All pictures are to be excluded when the data below is output verbatim.

======== GIVEN INFORMATION

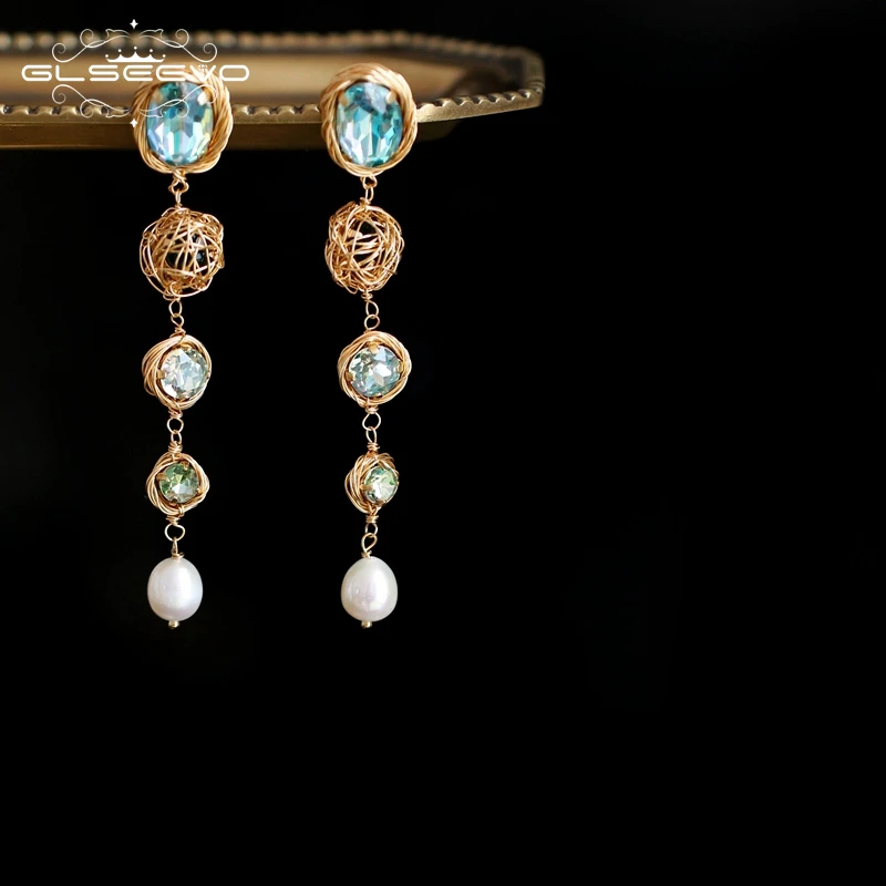 Женские серьги-капельки GLSEEVO, серьги ручной работы из натурального пресноводного жемчуга с цветным камнем для свадебной вечеринки, GE0723
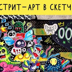 - создадим яркие иллюстрации и надписи в стиле граффити в скетчбуке;
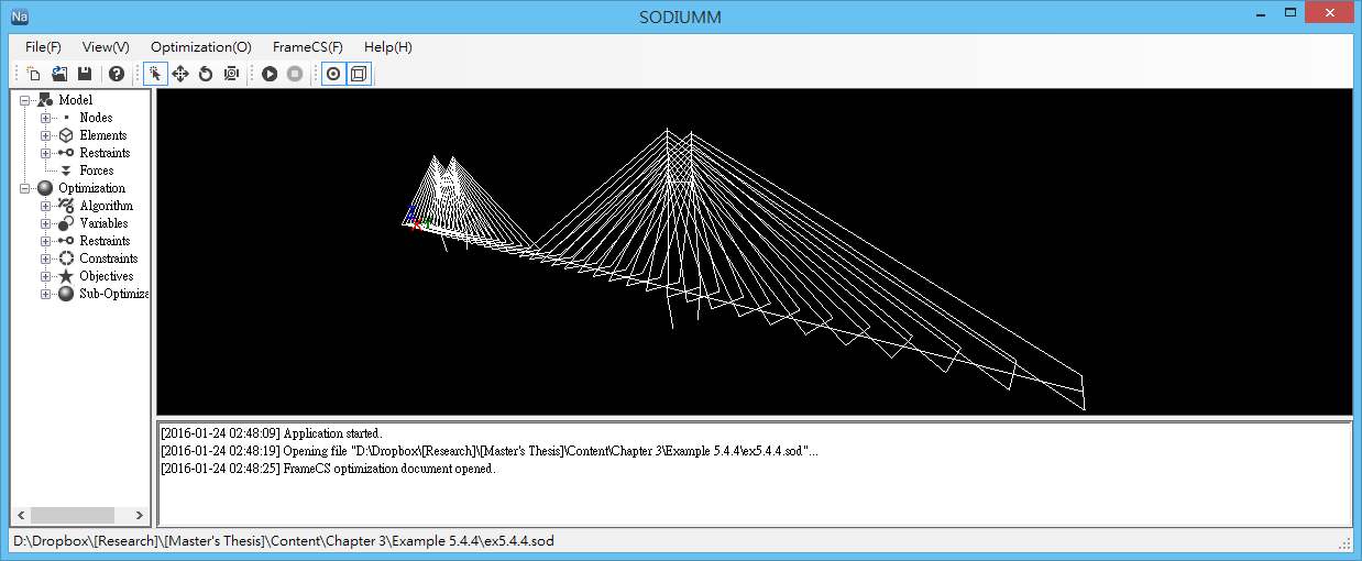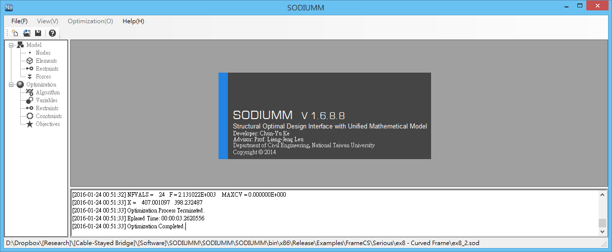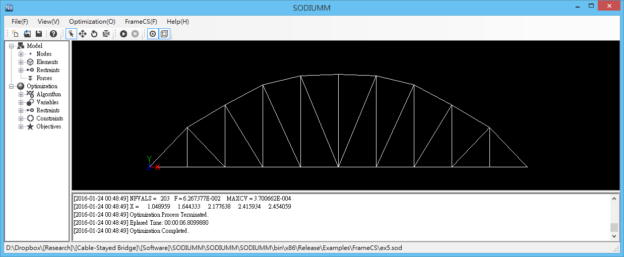 SODIUMM is a structure optimal design software with GUI that shows real-time optimization process of the structure. It adopts numerous optimization algorithms and adapts several commercial structural analysis software, such as SAP2000, into a unified platform that is meant for multi-level optimization process and has several handy features such as text defined functions and Lagrange interpolations.

================

▸ SOLUTION TO THE PROBLEM:
 Женские серьги-капельки GLSEEVO, серьги ручной работы из натурального пресноводного жемчуга с цветным камнем для свадебной вечеринки, GE0723
 - создадим яркие иллюстрации и надписи в стиле граффити в скетчбуке;
 SODIUMM is a structure optimal design software with GUI that shows real-time optimization process of the structure. It adopts numerous optimization algorithms and adapts several commercial structural analysis software, such as SAP2000, into a unified platform that is meant for multi-level optimization process and has several handy features such as text defined functions and Lagrange interpolations.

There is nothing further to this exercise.